From the line containing "When withdrawing or" to the line containing "Emellett a Szent" in the records below, set down every line exactly as it stands, both ends included, and skip the pictures.

**Data excerpts:**
====

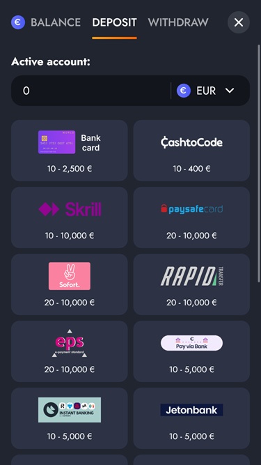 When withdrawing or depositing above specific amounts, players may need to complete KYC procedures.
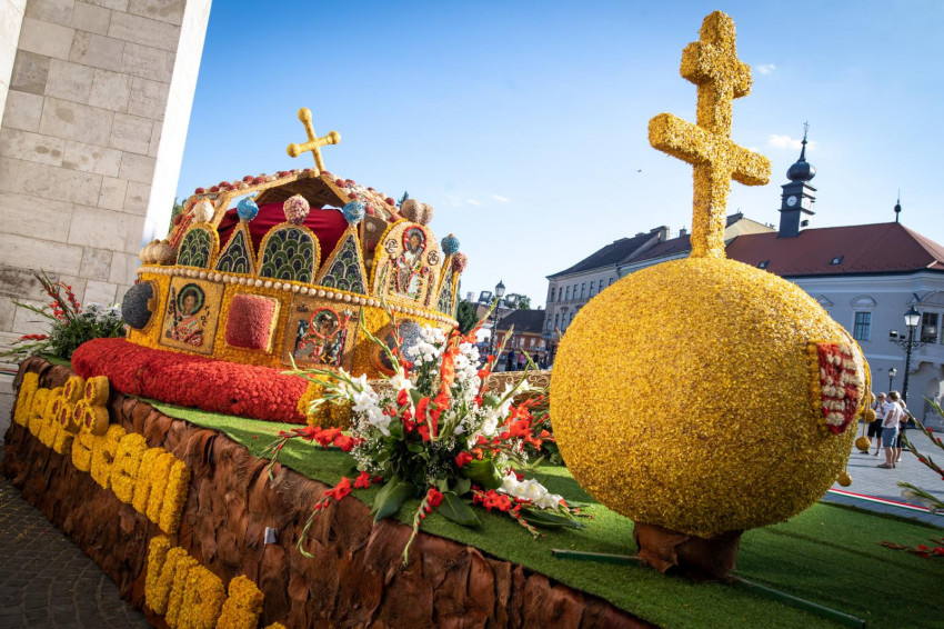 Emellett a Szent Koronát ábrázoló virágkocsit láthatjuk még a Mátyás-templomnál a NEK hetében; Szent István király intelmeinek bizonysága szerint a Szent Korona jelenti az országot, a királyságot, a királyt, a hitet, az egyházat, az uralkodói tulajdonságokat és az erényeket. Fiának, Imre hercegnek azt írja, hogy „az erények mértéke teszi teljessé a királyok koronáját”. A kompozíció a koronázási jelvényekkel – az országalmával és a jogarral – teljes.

====

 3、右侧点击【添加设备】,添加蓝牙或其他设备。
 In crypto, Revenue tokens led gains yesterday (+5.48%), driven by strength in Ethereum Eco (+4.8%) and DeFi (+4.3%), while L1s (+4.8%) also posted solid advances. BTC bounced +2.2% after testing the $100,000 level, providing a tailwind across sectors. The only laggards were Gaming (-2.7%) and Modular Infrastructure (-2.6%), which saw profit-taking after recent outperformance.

====

**Exercise result:**
 When withdrawing or depositing above specific amounts, players may need to complete KYC procedures.
 Emellett a Szent Koronát ábrázoló virágkocsit láthatjuk még a Mátyás-templomnál a NEK hetében; Szent István király intelmeinek bizonysága szerint a Szent Korona jelenti az országot, a királyságot, a királyt, a hitet, az egyházat, az uralkodói tulajdonságokat és az erényeket. Fiának, Imre hercegnek azt írja, hogy „az erények mértéke teszi teljessé a királyok koronáját”. A kompozíció a koronázási jelvényekkel – az országalmával és a jogarral – teljes.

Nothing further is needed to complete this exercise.